As first reported by the Caterer, the restaurant’s website said it had suffered through an incredibly difficult year, citing “ongoing uncertainty ahead” as forcing the decision.
Our restaurant has regrettably suffered during this incredibly difficult year. That, combined with the ongoing uncertainty ahead, has resulted in the permanent closure of Roux at Parliament Square.
It added thanks to the restaurant’s “guests for their patronage and support and extend a special thank you to Michel Roux Jr., Head Chef Steve Groves and every single member of the team for their endless dedication over the past decade.”
Though the restaurant sat in the Roux family stable and it was the Roux name above the door, it was Groves, off the back of a MasterChef:The Professionals victory in 2009, who had led the kitchen team since 2010. Yesterday Groves made his displeasure at Christmas shoppers in London clear on Twitter: calling it a “joke”, Groves said “all the restrictions on hospitality where the risks are properly managed yet [crowds of shoppers] is allowed to happen!”

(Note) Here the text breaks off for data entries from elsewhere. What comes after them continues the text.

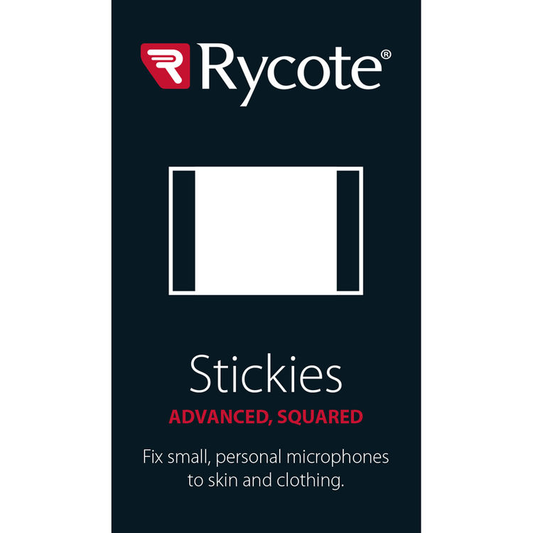 The 25-pack of Stickies Squared Advanced, Adhesive Pads from Rycote are double-sided, hypoallergenic adhesive pads that are used to affix lavalier microphones directly onto skin or on top of clothing. Additionally, the soft fabric is sandwiched between two adhesive pads that prevent the adhered microphone from creaking due to skin or clothing movement. It mounts a lavalier mic silently on clothing for interviews.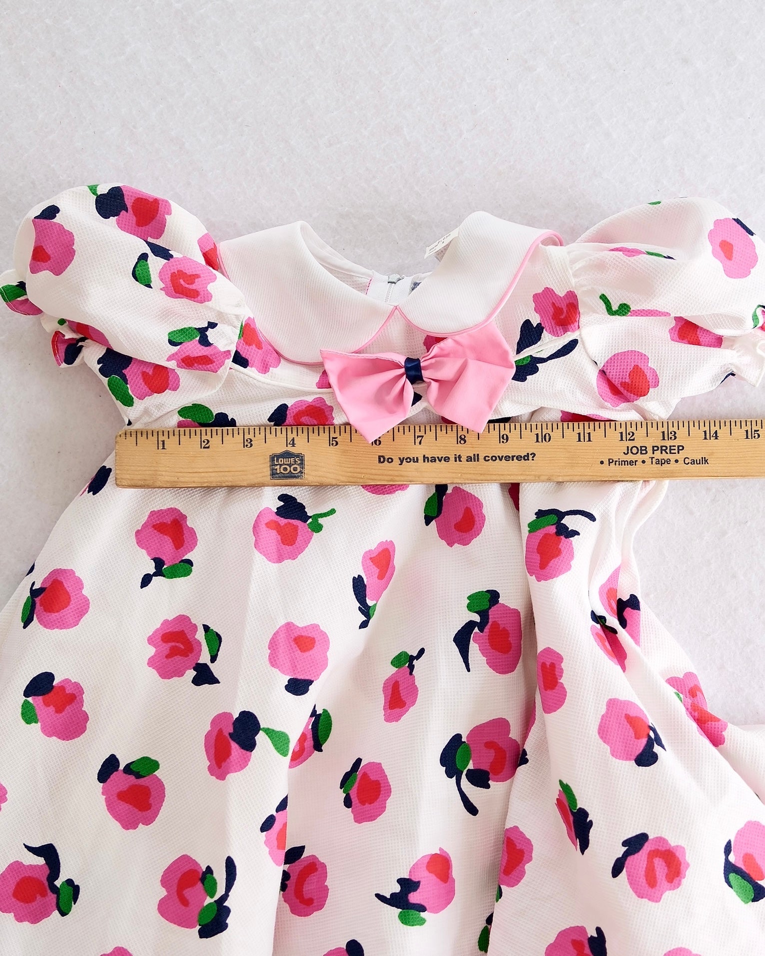 Vintage Bryan white and pink flower print short sleeve dress with pink bow and twirly skirt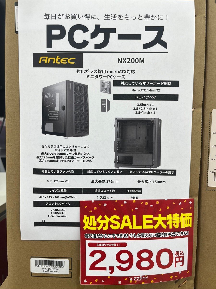 #Antec 様のPCケースが大特価! micro-ATX対応のミドルタワ―ケースです 最大360mmのラジエーターも搭載可能です! #アプライド #高知 #Windows10終了 pic.x.com/pD7LZpaPKy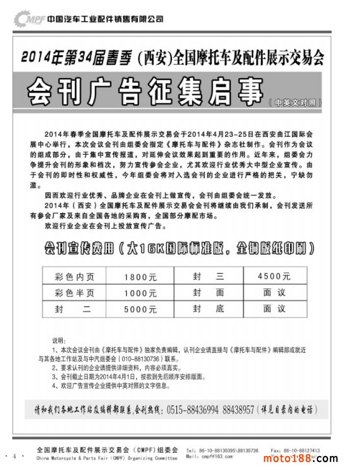 2014年第34屆春季(西安)全摩會(huì)會(huì)刊征集啟事
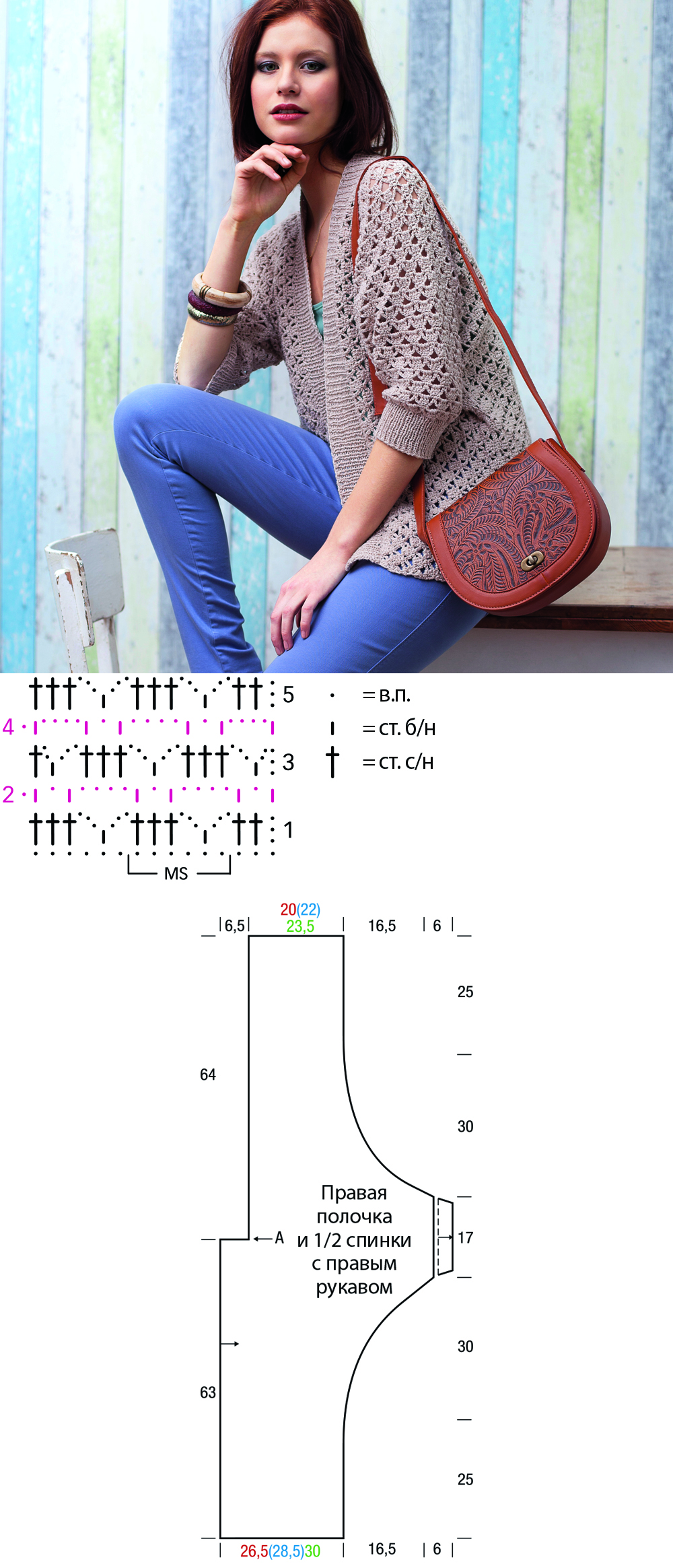 Кардиган с рукавами «летучая мышь» - схема вязания крючком. Вяжем Кардиганы на Verena.ru

Since the summer, the rate at which London restaurants have signalled permanent closure has slowed through a combination of the Eat Out to Help Out initiative, the extension of the lease forfeiture moratorium (preventing evictions), and November lockdown leading to the extension of furlough. Now, restaurants are back open, under restrictions, there is no national solution to the rent situation, with eviction now a real possibility in January, and the normally lean months of early 2021 providing a spectre of uncertainty if not inevitable failure.